Austin, TX- Texas Gov. Greg Abbott on Nov. 21 ordered all state agencies to conduct risk assessments and withdraw state funds from investments in China.
“I direct Texas investing entities that you are prohibited from making any new investments of state funds in China,” Abbott wrote in a letter to agencies. “To the extent you have any current investments in China, you are required to divest at the first available opportunity.
“As Chinese aggression against the United States and its allies seems likely to continue, the financial risk associated with holding investments in China will also rise.”

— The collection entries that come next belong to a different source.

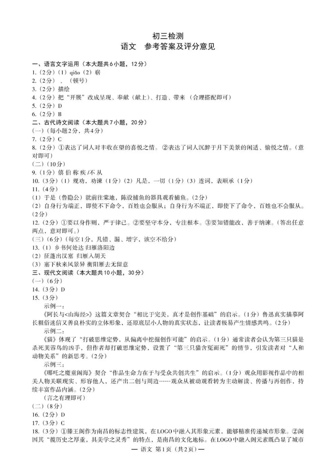 南昌初三一模语文题目及答案出来啦,大家看看难不难?
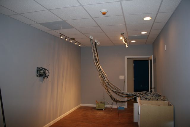 Here you can see the cables dropping down through the ceiling where the racks are going to be.
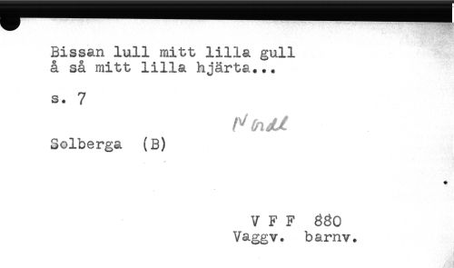 //// Bissan lull mitt lilla gull //// å så mitt lilla hjärta... //// s. 7 //// Solberga (B) //// V F F 880 //// Vaggv. b arnv. ////

Last year, the governor called on state universities to divest themselves of Chinese investments, and he and other governors called on investment management company Vanguard to put state money in funds that do not invest in China.
Abbott said the Chinese Communist Party (CCP) is a foreign adversary to the United States and pointed to its “belligerent actions” in the Indo-Pacific region as a destabilizing factor that increases financial risk.
China’s economy under the CCP is not a free market economy, as industries operate to meet the Party’s goals rather than market demand. It is also notoriously opaque, allowing foreign investors only limited access to data.
Further, the risk associated with VIEs is high because they are technically illegal in China. If Beijing chooses to crack down on the use of this structure, Western investors could immediately lose trillions.
For example, although Alibaba and Baidu are currently listed on the New York Stock Exchange, when investors purchase their stocks, they are actually buying ownership in an offshore shell company. This shell company receives a portion of Alibaba’s or Baidu’s profits, but investors do not have any legal claim to either company’s actual assets.
Abbott’s divestment directive is the latest in a string of orders he issued this week to protect Texans from CCP influence.
On Nov. 19, the governor signed an executive order to protect Texans from the CCP’s espionage operations.